## What is needed
Copy all data exactly. Skip pictures.

## Stored data
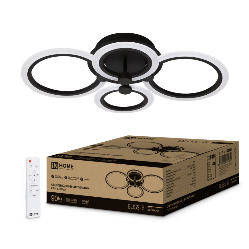 Светильник светодиодный ELEGANT BLISS-90В 90Вт 3000-4000-6500К 7000лм 230В 610х400х130мм с пультом ДУ IN HOME 4690612035451
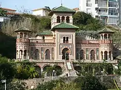 El pequeño palacete residencial está situado en un acantilado frente a la playa de El Bajondillo y consta de dos plantas con torres redondas en las esquinas que finalizan en arcadas y un techo cónico de tejas verdes, siendo la planta baja la destinada a la vivienda de la familia, mientras que planta alta cumplía la función de un gran mirador. Su estética corresponde al estilo neomudéjar, que floreció en España —y en particular en la provincia de Málaga— a finales del siglo XIX y comienzos del XX, estando la decoración interior inspirada en la Alhambra de Granada.[3]
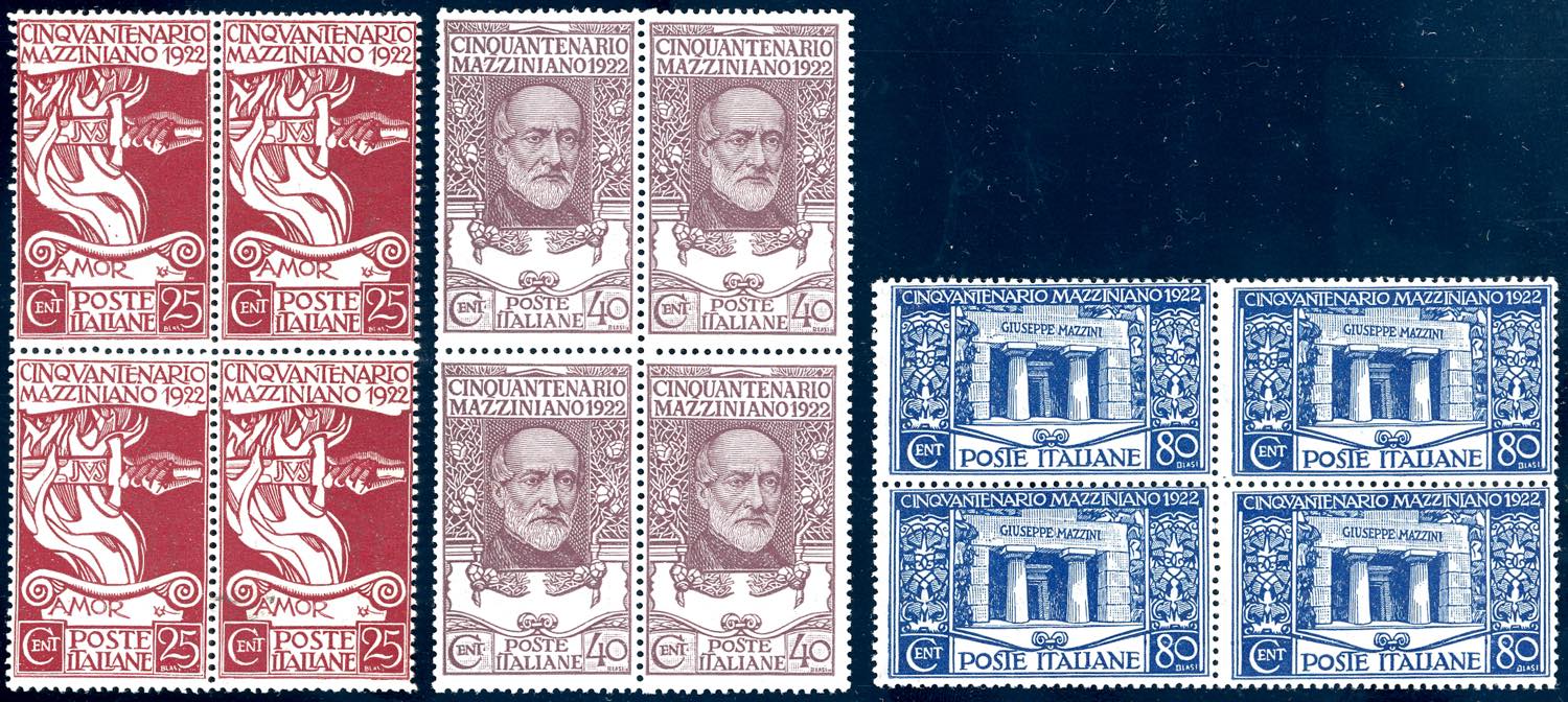 Lotto 942 - 1922 - Mazzini, serie completa (128/130), blocchi di 4, ...
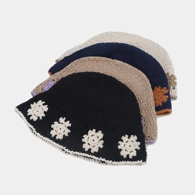 Wool Knitted Commission Patch Colorful Flower Crochet Bucket Hat
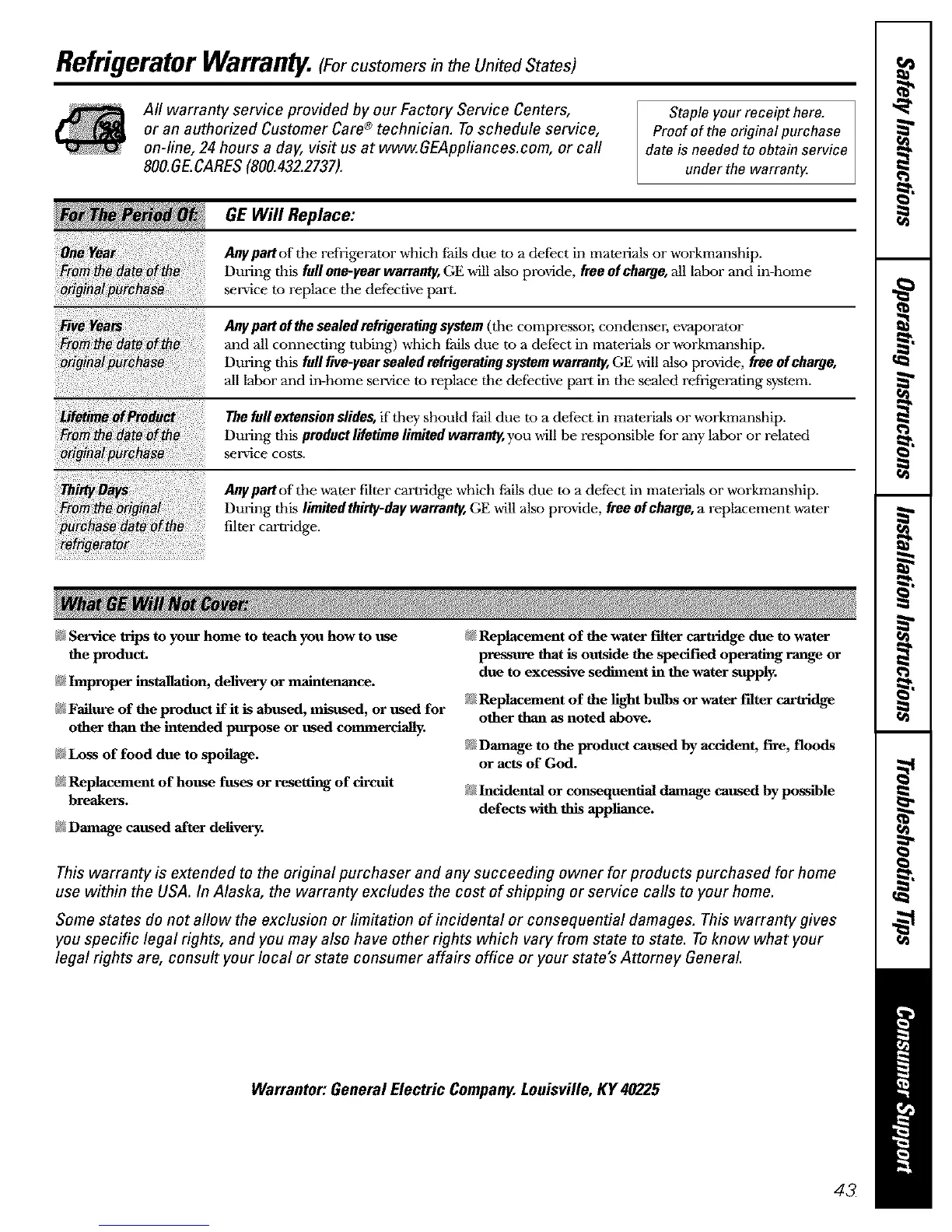 on-line, 24 hours a day, visit us at www.GEAppllances.com, or call
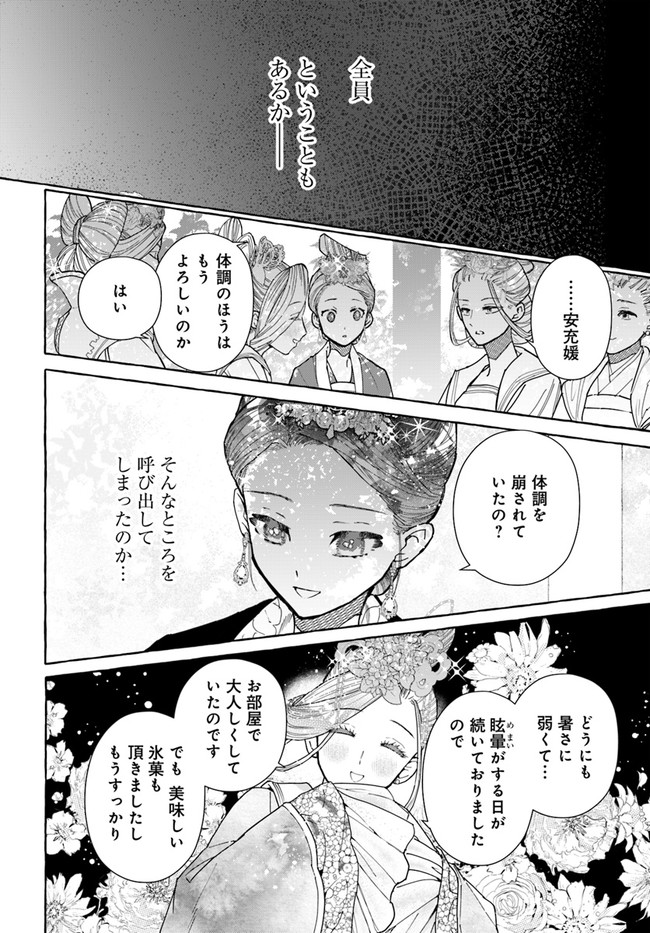 雪花妃伝 ~藍帝後宮始末記~ 第6話② 雪花妃伝 ~藍帝後宮始末記~ 投稿者 admin - 3年 前に 幸せな読書漫画 雪花妃伝 ~藍帝後宮始末記~ 第6話② , いいねと共有ボタンをクリックすることを忘れないでください. Manga 雪花妃伝 ~藍帝後宮始末記~ 常に更新されます 無料コミック Comic Top. 他のマンガの更新を読むことを忘れないでください。 マンガコレクションのリスト 無料コミック Comic Top マンガリストメニューにあります. お友達と共有しましょう! Facebook Twitter Pinterest Whatsapp 前のエピソード すべての章 次のエピソード リスト ページング Loading.. 前のエピソード すべての章 次のエピソード リスト ページング お友達と共有しましょう! Facebook Twitter Pinterest Whatsapp お気に入りに追加に続く 6 人 雪花妃伝 ~藍帝後宮始末記~ 「この娘はいずれ王を害する」…託宣を受け、静かな廟で生涯を終える筈だった鈴雪。しかし、幼い彼女の運命は流転する。王の手で強引に都へ連れ去られ――名ばかりの王后とされたのだ。時が経ち、離宮で美しく知性ある女性となった鈴雪が投げ込まれたそこは、陰謀渦巻く世界だった……。 伊東七つ生(キャラ原案)瀬田一乃(著者)都月きく音(原作) COMIC BRIDGEforgirlsコミカライズサスペンスファンタジー中華後宮仕事夢見る少女じゃいられない大人向け女性向け富士見L文庫恋愛
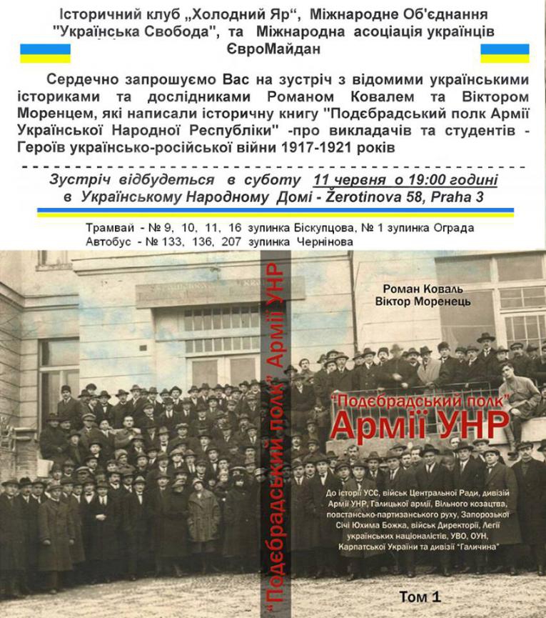 Сердечно запрошуємо Вас на зустріч з відомими українськими істориками та дослідниками Романом Ковалем та Віктором Моренцем, які написали історичну книгу "Подєбрадський полк Армії Української Народної Республіки" - про викладачів та студентів - Героїв українсько-російської війни 1917-1921 років
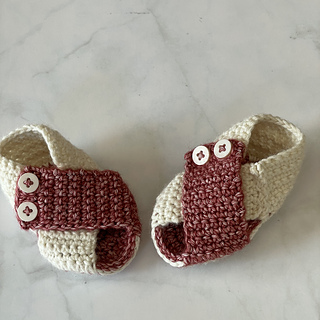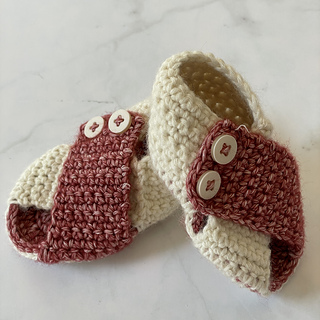 Cozy Classic Booties/Peekaboo Sandals: 20 sts and 8 rows in dc

## Response for this exercise
 Светильник светодиодный ELEGANT BLISS-90В 90Вт 3000-4000-6500К 7000лм 230В 610х400х130мм с пультом ДУ IN HOME 4690612035451
 El pequeño palacete residencial está situado en un acantilado frente a la playa de El Bajondillo y consta de dos plantas con torres redondas en las esquinas que finalizan en arcadas y un techo cónico de tejas verdes, siendo la planta baja la destinada a la vivienda de la familia, mientras que planta alta cumplía la función de un gran mirador. Su estética corresponde al estilo neomudéjar, que floreció en España —y en particular en la provincia de Málaga— a finales del siglo XIX y comienzos del XX, estando la decoración interior inspirada en la Alhambra de Granada.[3]
 Lotto 942 - 1922 - Mazzini, serie completa (128/130), blocchi di 4, ...
 Wool Knitted Commission Patch Colorful Flower Crochet Bucket Hat
 on-line, 24 hours a day, visit us at www.GEAppllances.com, or call
 雪花妃伝 ~藍帝後宮始末記~ 第6話② 雪花妃伝 ~藍帝後宮始末記~ 投稿者 admin - 3年 前に 幸せな読書漫画 雪花妃伝 ~藍帝後宮始末記~ 第6話② , いいねと共有ボタンをクリックすることを忘れないでください. Manga 雪花妃伝 ~藍帝後宮始末記~ 常に更新されます 無料コミック Comic Top. 他のマンガの更新を読むことを忘れないでください。 マンガコレクションのリスト 無料コミック Comic Top マンガリストメニューにあります. お友達と共有しましょう! Facebook Twitter Pinterest Whatsapp 前のエピソード すべての章 次のエピソード リスト ページング Loading.. 前のエピソード すべての章 次のエピソード リスト ページング お友達と共有しましょう! Facebook Twitter Pinterest Whatsapp お気に入りに追加に続く 6 人 雪花妃伝 ~藍帝後宮始末記~ 「この娘はいずれ王を害する」…託宣を受け、静かな廟で生涯を終える筈だった鈴雪。しかし、幼い彼女の運命は流転する。王の手で強引に都へ連れ去られ――名ばかりの王后とされたのだ。時が経ち、離宮で美しく知性ある女性となった鈴雪が投げ込まれたそこは、陰謀渦巻く世界だった……。 伊東七つ生(キャラ原案)瀬田一乃(著者)都月きく音(原作) COMIC BRIDGEforgirlsコミカライズサスペンスファンタジー中華後宮仕事夢見る少女じゃいられない大人向け女性向け富士見L文庫恋愛
 Сердечно запрошуємо Вас на зустріч з відомими українськими істориками та дослідниками Романом Ковалем та Віктором Моренцем, які написали історичну книгу "Подєбрадський полк Армії Української Народної Республіки" - про викладачів та студентів - Героїв українсько-російської війни 1917-1921 років
 Cozy Classic Booties/Peekaboo Sandals: 20 sts and 8 rows in dc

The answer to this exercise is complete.